Additionally, an alert has been set up in the Event Server based on the foam percentage value. This alert triggers a notification to the designated person when the foam percentage exceeds a predefined threshold specified in the alert.
4. Discussion
The calculation of foam percentage on the total surface area of a WWTP tank using computer vision algorithms can become a highly complex problem.
This work presented a complete remote sensing system based on imagen analysis to segment foams and monitor in real time the amount of foam in WWTP tanks. The developed segmentation models have been applied and validated in tanks of a biological reactor of a wastewater treatment plant with an MBBR (Moving Bed Biofilm Reactor) system. Due to the lack of a large set of tank images in the early stages of the research, the segmentation models have been trained on large public datasets used in similar segmentation applications and then retrained on the small foam dataset. In a later stage, the dataset collected at the plant was large enough to train the models from scratch using only foam images. Additionally, the research carried out a comparison between two types of training: centralized and federated. The proposed methodology involves a complete computer vision pipeline that includes automatic image capture, ensuring the absence of anomalies in the captured images, image processing to segment foams and quantify the foam percentage of the total surface area of a tank, and the transmission of operationally significant data to the responsible personnel at the WWTP to support the foam removal at the right time.

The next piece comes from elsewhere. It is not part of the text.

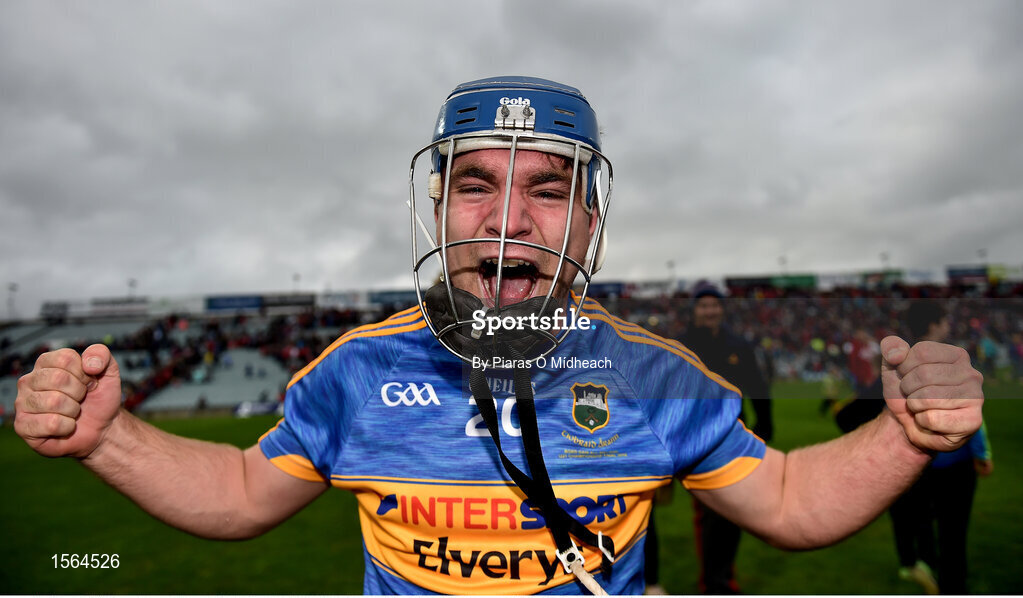 26 August 2018; David Gleeson of Tipperary celebrates after the Bord Gais Energy GAA Hurling All-Ireland U21 Championship Final match between Cork and Tipperary at the Gaelic Grounds in Limerick. Photo by Piaras Ó Mídheach/Sportsfile

Regarding limitations, managing lighting variations emerged as a primary challenge in achieving superior metrics. Additionally, accurately defining what is foam on the tank surface presented another notable limitation.

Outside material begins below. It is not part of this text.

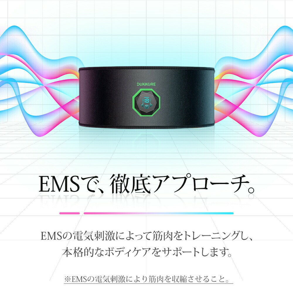 革新的な EMS 腹筋ベルト ★この革新的な技術は弱電流で、電気信号を直接筋肉に伝え、筋肉を収縮させることができます。 ★このK03 腹筋ベルト は弱電流によって刺激された、筋肉はよりがっしりした効果ができます。 ★体につけてボタンを押せば、筋トレ開始します。持ち歩き便利で好きな時間に、好きな場所で気軽に使える。 ★日々の積み重ねで、筋肉は強化された効果が出ますが、人それぞれの体質が違うので、効果が異なる場合もあります。 保護機能付きの 腹筋 ベルト ★動作時間が20分間を経過すると自動オフにしま、安全安心に利用いただけます。 ★電源をONにして10秒以内操作がない場合、もしくは皮膚と外れる10秒以上の場合、安全保護ために自動的に電源オフになります。 ★テレビを見ながらリラックスタイムに、勉強・お仕事中また家事をしながら、いつでもどこでも自在に腹筋を鍛えることができます。 ★体重や体型管理がもっと効率かつ便利し、プレゼントにも喜ばれる、おすすめの実用性高いフィットネスマシンです。 液晶表示のコントローラー ★K03 腹筋ベルトは6種類モード、9段階強度があります、改良新型モデルのコントローラーは液晶画面が搭載されています。 ★液晶画面でモード、強度を表示されます、身体に装着して使用時に、作動している状態(モードの種類、段階の強度)を見て確認できます。 ★もっと安心に、もっと明瞭にトレーニングを楽しめます、usb充電式なので、電池交換の必要がございません。 高効率な 腹筋 ベルト ★腹筋ベルトで20分の運動量はジョッキング1500m、自由泳30分、腹筋鍛え30分にあたります。 ★脂肪燃焼ダイエット(初)から筋力増強(中)またボディビルディングの構築(高)まで、6種モードと9段階強度調節も備えています。 ★モードや強度が組み合わせて軽快なポリリズムの刺激を与え、強力かつ弾力性の刺激で深層の筋力を増加させます。 ★初心者にも女性にも、特にサラリーマンや運動不足の方にも多様需求を満足し、安全性や静音性に優れる腹筋器具で疲労回復にも効果があります。 パッケージ内容 | 安全保証 ★ 腹部ベルト×1 ★ 腕用ベルト×2 ★ コントローラー×3 ★ 追加ジェルシート×10 ★ USB充電ケーブル×1 ★ 日本語取扱説明書×1 ※ この商品は三ヶ月の安心保証付いておりますので、商品に何か不具合がございましたら、ご連絡をいただきましたら、対応いたします。 ご注意 ※急速充電を対応しておりません、ご注意ください。 ※こちらの商品は5V2.0Aまでのアダプターのご使用を推薦しております。 ※心臓病患者、妊娠者、産後婦人(産後60日間以内)などご利用しないでください。 メーカー希望小売価格はメーカーサイトに基づいて掲載しています メーカー希望小売価格はメーカーサイトに基づいて掲載しています

In this research, two texture segmentation models applied to foam segmentation are presented, yielding results surpassing 85% in the Dice metric and 75% in IoU. Furthermore, the percentage of foam on each tank calculated with the models has been validated by experts from the wastewater treatment plant using different images, thus verifying the proper functioning of the model. The experts’ confidence implies that the system developed in this research is ready to be used in new WWTPs.
The comparison between centralized and federated training yielded similar results as both clients in the federated training have used images from the same WWTP. Nevertheless, the conducted research has allowed for the validation of the federated architecture. Consequently, it can be extrapolated for future use in different wastewater treatment stations.
Furthermore, the methodology explained in this paper has already been integrated into a real WWTP for their use, obtaining the following benefits:
Reduction of maintenance requirements;
Prevention of oxygen transfer issues;
Avoidance of biomass washout;
Enhanced monitoring and control;
Avoid odour problems;
Energy savings;
Mitigation of risks accidents.
Moreover, due to the fact that foam formation can also commonly occur in other types of WWTPs reactors and processes, it is important to note that the technology presented can be implemented in plants using other biological treatments such as in Activated Sludge Processes, Anaerobic Reactors, or Sedimentation Tanks. However, such applicability needs to be tested and verified by applying the models in additional WWTPs.
Finally, it is important to state the relevance of this work in achieving the SDG6, as the techniques presented help improving the wastewater treatment, which is one of the six outcome targets of the goal.
For future work, the use of the federated framework in different wastewater treatment plants and the comparison of results with centralized training remains to be explored. A successful outcome in the utilization of various WWTP in the federated training could lead to a global foam segmentation model for WWTPs. Moreover, the utilization of distinct models depending on the month of the year may serve to mitigate the impact of atmospheric conditions on image segmentation.